Did Life Begin From Electrical Charges Deep Beneath the Sea?

A black smoker Exciting new research shows that hydrothermal vents on the deep ocean floor, believed by many to be the cradle for early life,  generated electrical currents that could have helped generate the complex carbon-based molecules that came together to produce life, as well as provide it with a power supply.
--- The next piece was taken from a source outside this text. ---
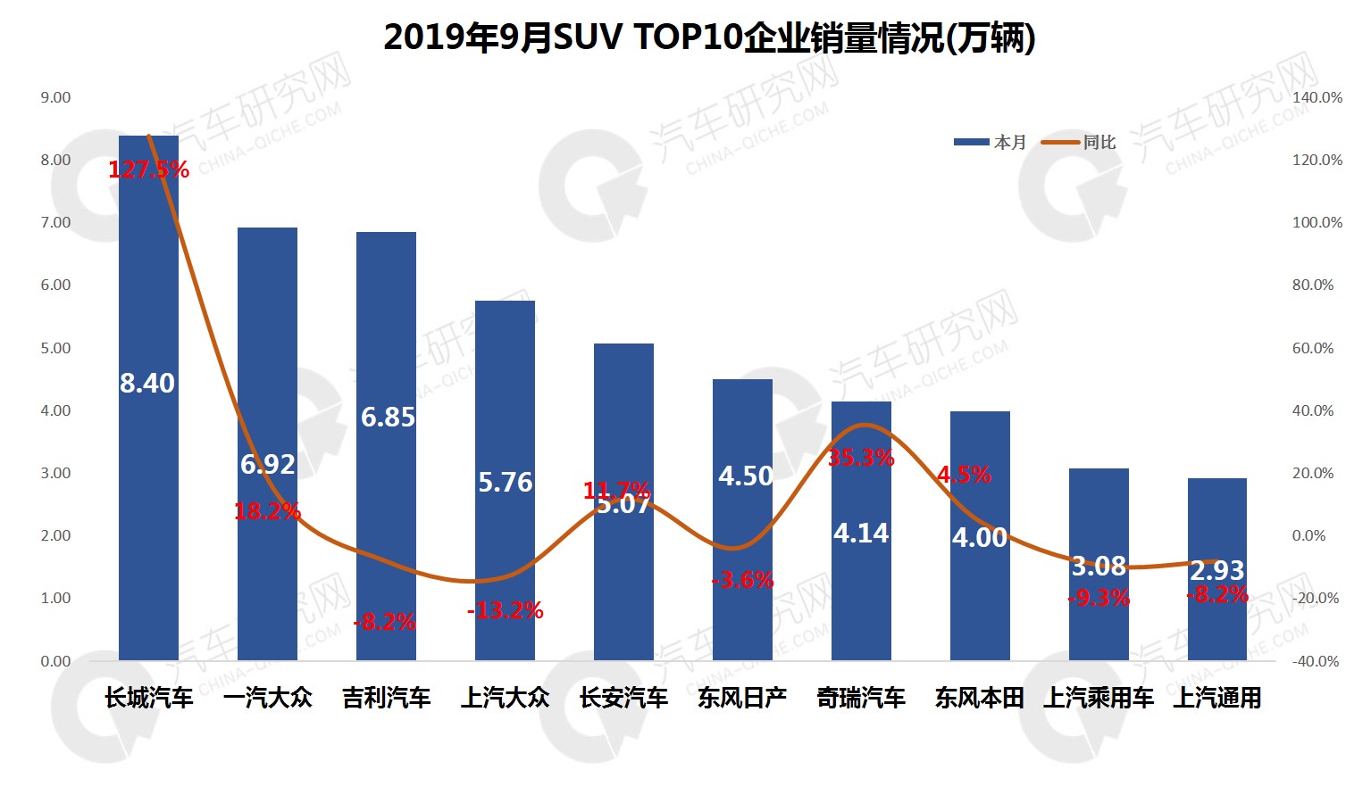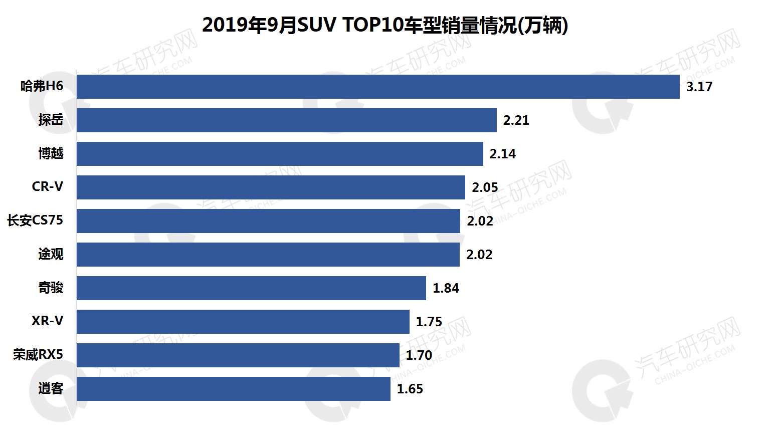 2019年9月SUV销量:长城增幅超100% 自主品牌SUV销量遥遥领先

Four billion years ago, such vents would have been the ideal hatcheries for life, as they provide essentially all the requirements needed for sustained abiotic chemistry and the beginnings of natural selection.

A team led by Ryuhei Nakamura at the University of Tokyo in Japan have uncovered evidence that such vents can generate electrical currents as well as bringing minerals containing iron, copper and sulphur from deep inside the Earth's crust to the seabed.


These minerals possess an excess of electrons, so Nakamura's team wanted to find out whether these electrons could generate an electric current in the vent by conducting lab-based electrical experiments on a type of sulphur-rich chimney known as a black smoker extracted from a hydrothermal vent in the middle of the South Pacific Ocean.

First, the team passed a current through the chimney wall to show that it could conduct electricity. They then simulated the conditions at a hydrothermal vent by pumping hot, sulphur-rich water past one side of a chimney wall, and cold, salty water past the other, which generated a weak but steady electrical current across the chimney wall.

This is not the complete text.